There are at least two reasonable answers to this.
First, who is doing something makes a big difference as to whether it is a good idea to allow it or not. A law-abiding citizen who has a rifle is a very different thing than a known mass-murderer who has a rifle. Of course, this means the whole argument turns on how you evaluate the Chinese and American governments.
Second, you could say there isn’t anything “wrong” with what China/TikTok is doing to further their agenda. The US just wants to prevent it because China is a geopolitical adversary. And of course, the US wants to further its own agenda. There’s not anything inconsistent about that.
Of course, this means the whole argument turns on how you evaluate the Chinese and American governments.
As an Australian, I can say without a hint of sarcasm that I, for one, welcome our American overlords. Because they’re a damn sight better than the Communist Party of China.
Maybe start somewhere. And I can’t see why banning some social media thingy, that collects a lot more data and uses VM techniques to prevent decompilation, can’t be banned on federal devices, which possibly handle very sensitive data. I hope germany starts doing stuff like that too, and with more than only tiktok (we’ve had just now a case about the privacy laws not allowing a federal facebook page). It’s also not a question of whether tiktok is ok, I’d rather ask: What does this app have to do with work.
Of course you can play whataboutism, and it’s fair to point at other corporations. But let’s face it: When the radio news said that china criticizes the US for misusing national security to uninstall tiktok from federal devices, I have to ask: Why do they even bother reacting to that, if it is a completely irrelevant video app?
What I meant to say, explicitly, was: I’d rather install TikTok in protest than accept more Government censorship of apps or the Internet. Of the two (significant!) evils, I’d rate the latter as worse.
Only because the boundaries of discussion about the political implications of technical decisions are selectively moderated.
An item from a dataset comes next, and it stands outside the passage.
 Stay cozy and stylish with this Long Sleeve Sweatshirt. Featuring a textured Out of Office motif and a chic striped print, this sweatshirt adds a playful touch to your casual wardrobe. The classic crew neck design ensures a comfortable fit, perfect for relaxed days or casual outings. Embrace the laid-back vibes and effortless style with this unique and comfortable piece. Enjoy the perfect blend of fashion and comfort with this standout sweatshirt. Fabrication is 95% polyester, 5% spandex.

If this article is on topic on lobsters to begin with, it’s hard to fairly argue that a comment stating that the article’s national security argument is correct isn’t on topic.
While I agree with his “side-effect” deductions, it’s not like these things are arbitrated in a vacuum. The ban is part of the trend that Schneider laments; a gradual commodification of our data, a continuation of gradual censoring and sandboxing of the internet to the benefit of “our” big tech companies. It’s not like if we wrote a bunch of thinkpieces that congress would go against the polticial and financial incentives to ban a more successful foreign competitor doing the same awful stuff “we” have already been doing for a while.
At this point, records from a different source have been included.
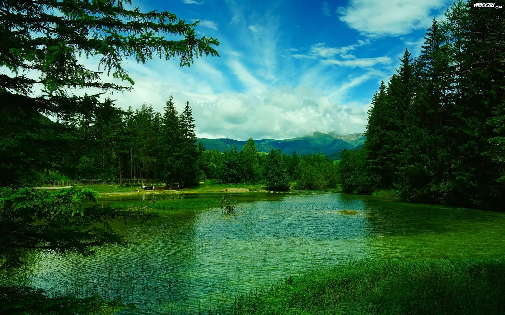 Zdjęcia, Jezioro, Toblach, Włochy, Lasy, Lato
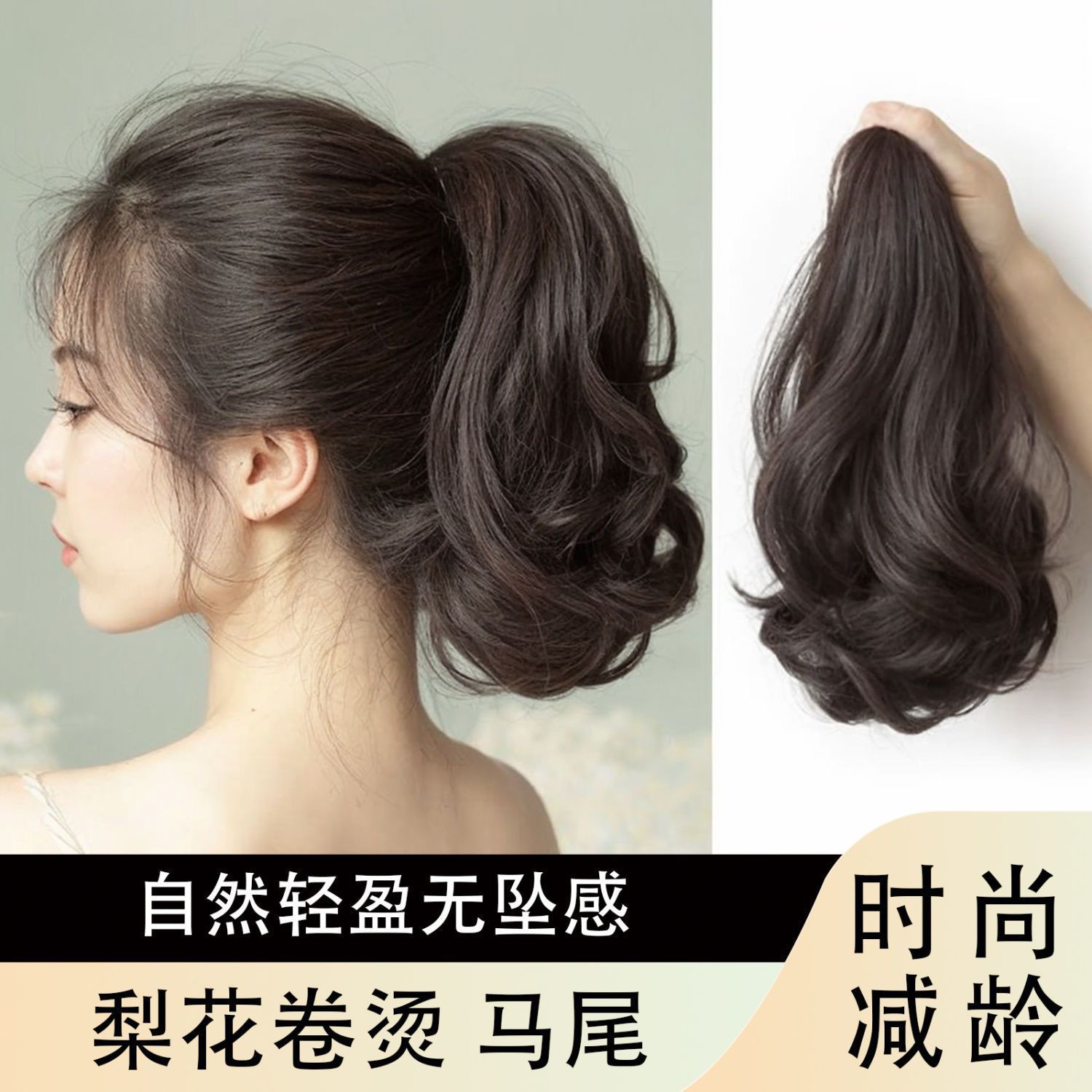 梨の花の女性用ウィッグ グリッパー ショート ポニーテール ショート フェイク ポニーテール 梨の花のカーリー三つ編み ロータイ ナチュラル シミュレーション 目に見えないふわふわ
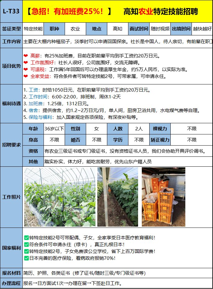 主要在大棚內種植茄子,淡季時可以申請回國探親。 收入高,有25%加班費,目前在職前輩平均到手工資約20萬日元左右。
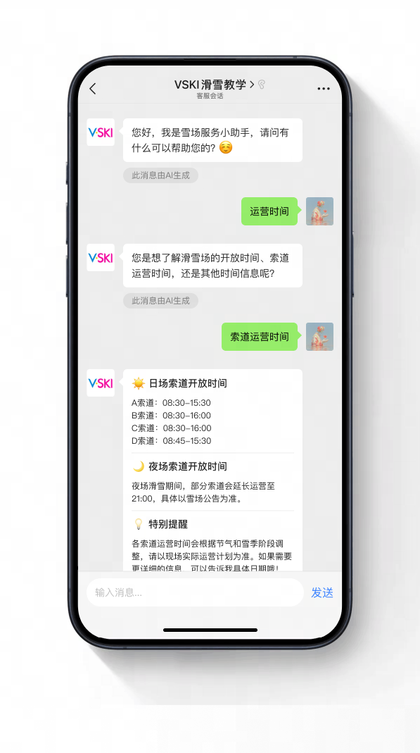 2025年,中旅冰雪正式引入客服Agent,率先在三个雪场“上岗”:内蒙古马鬃山滑雪场、承德金山岭银河滑雪场、中旅松花湖度假区,并成功部署在微信公众号、小红书、小程序、抖音等游客咨询集中的渠道。
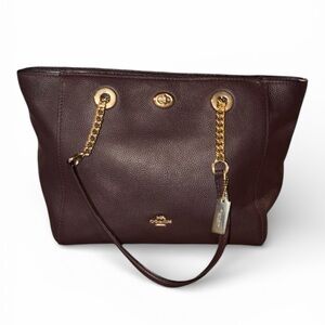 Coach Turnlock Chain Tote Polished Pebble Leather Gold Hardware
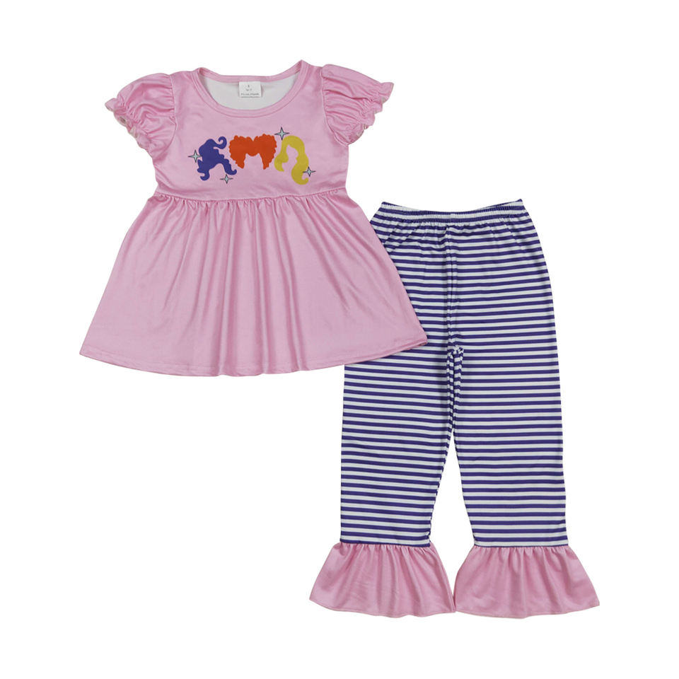 ชุดเสื้อผ้าเด็กผู้หญิงสำหรับเด็กวัยหัดเดินลายสีม่วงแขนกระพือสีชมพูแม่มดสามตัวสำหรับวันฮาโลวีน
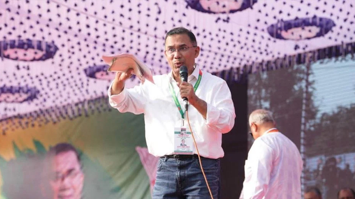 বক্তব্যের শেষপর্যায়ে তারেক রহমান বলেন, ‘করবো কাজ, গড়বো দেশ—সবার আগে বাংলাদেশ। দিল্লি নয়, পিন্ডি নয়, নয় অন্য কোনও দেশ, সবার আগে বাংলাদেশ।’
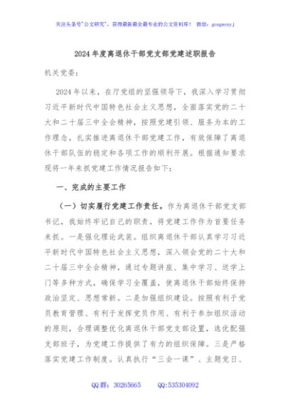 / 2024年度离退休干部党支部党建述职报告
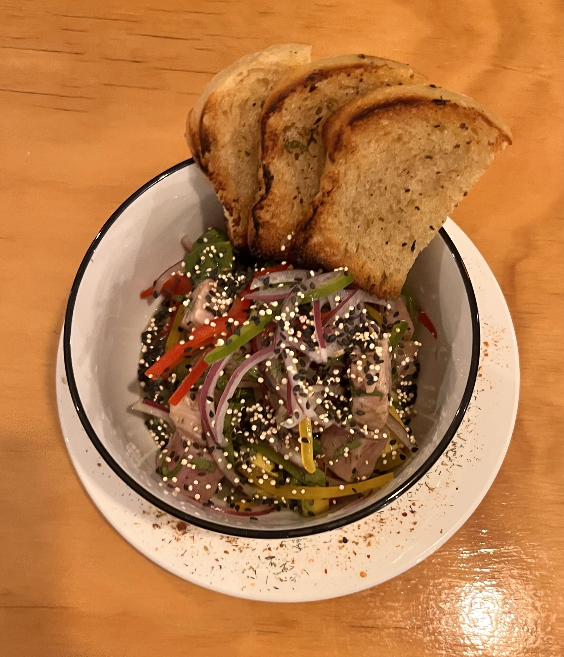 Dados de atún, palta, mix de morrón, cebolla morada, cilantro, eneldo, soja, limón sutil y sésamo.
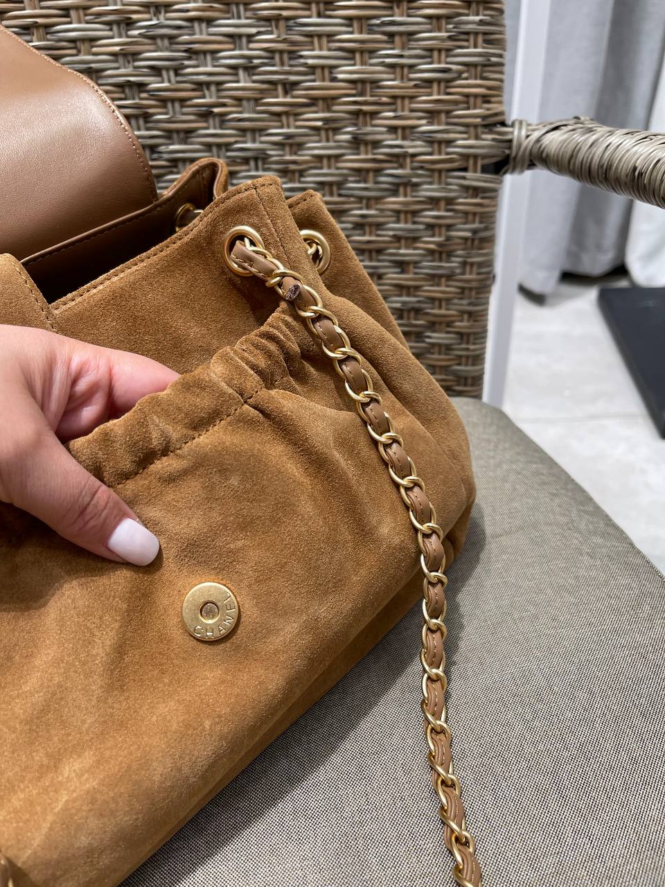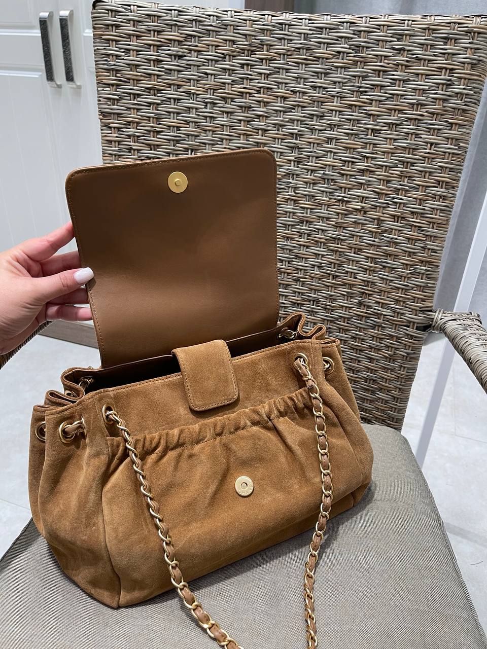 Сумка женская Chanel LUX-119248 — это стильный аксессуар от известного бренда. Сумка выполнена в теплом коричневом цвете, имеет мягкую текстуру. Такая сумка станет отличным дополнением к вашему повседневному образу.

I think he is kind of missing the point. If TikTok is banned from Google and Apple app stores, it will become less popular and won’t melt brains at the same rate. Sure it can be circumvented, but it is not a “terrible idea” with “intolerable” side effects. And sure, there will be other apps that replace TikTok; when that happens maybe it will be easier to argue for comprehensive rather than ad hoc regulation.
Also disappointed to see him arguing for “commerce” as an important bedrock value, and leaning on State Department talking points like Cuba being a “censorship-loving autocracy.” I suppose Schneier is still a good source on the technical side of things.
From here it looks like you missed the point. He says the effective bans would be terrible/intolerable. Then he points out that merely banning the apps would not be effective.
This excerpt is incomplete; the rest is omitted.